React Suspense and Streaming SSR Internals: How `renderToPipeableStream` Splits and Sends HTML Chunks, and How the Client Reassembles Them
I once inherited a dashboard with 3-second page response times. At first I assumed the APIs were just slow, so I started with caching — but the real problem was elsewhere. renderToString was holding the response hostage until the entire React tree was rendered in memory on the server. Even when the fast sections were already ready, one 3-second API call was blocking everything. Watching users give up on a blank screen pushed me to take streaming SSR seriously.
If you're using the Next.js App Router, you're already building on top of the solution to this problem. renderToPipeableStream and <Suspense>, introduced in React 18, are at the core of it — though honestly, I first dismissed it as "just an API for showing loading spinners." Looking under the hood, I found that React uses a surprisingly sophisticated approach: keeping an HTTP stream open and appending HTML to it in pieces.

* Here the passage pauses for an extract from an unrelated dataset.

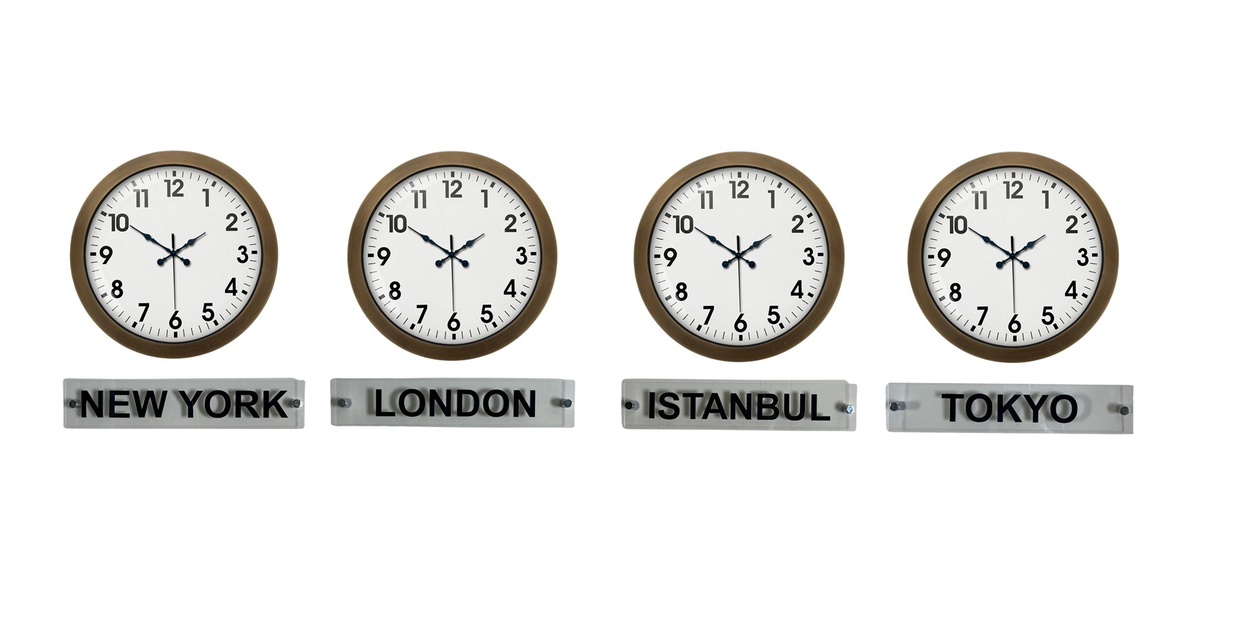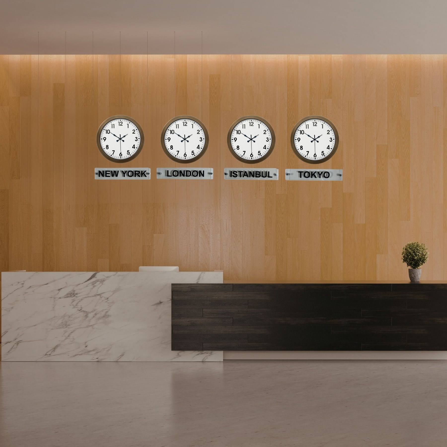 New York, London, İstanbul ve Tokyo şehirlerini aynı anda takip etmenizi sağlayan bu set; özellikle ofis, otel, kafe ve konsept mekânlar için hem dekoratif hem de işlevsel bir çözümdür.

This post examines how <Suspense> boundaries determine where HTML is cut and how, and how those pieces are stitched back together on the client into a complete page. The key insight is: everything happens over a single open HTTP stream — no new network requests. Understanding this principle makes it much clearer where to place Suspense boundaries and where to catch errors. I'll assume you already know the basics of <Suspense>.
Core Concepts
Traditional SSR vs. Streaming SSR
The problem with the old renderToString approach is straightforward. The server renders the entire React tree in memory, then sends the HTML string to the client. If there's one slow data source, all the fast content has to wait along with it.
[ Traditional SSR ]
Server: [===== Data Loading + Full Render =====] → Send HTML → Client Receives
↑
One 3-second API
blocks everythingStreaming SSR reverses this order. It sends what's ready first, and appends the rest later while keeping the stream open.
[ Streaming SSR ]
Server: [Render Shell] → Send immediately → [Data loading...] → Send additional chunks
Client: Receive HTML → Begin parsing & rendering → Receive additional chunks → Update DOMTerm: Shell — The static content region outside
<Suspense>boundaries. It's the HTML skeleton that can be rendered immediately without data, and it becomes the first chunk of the stream.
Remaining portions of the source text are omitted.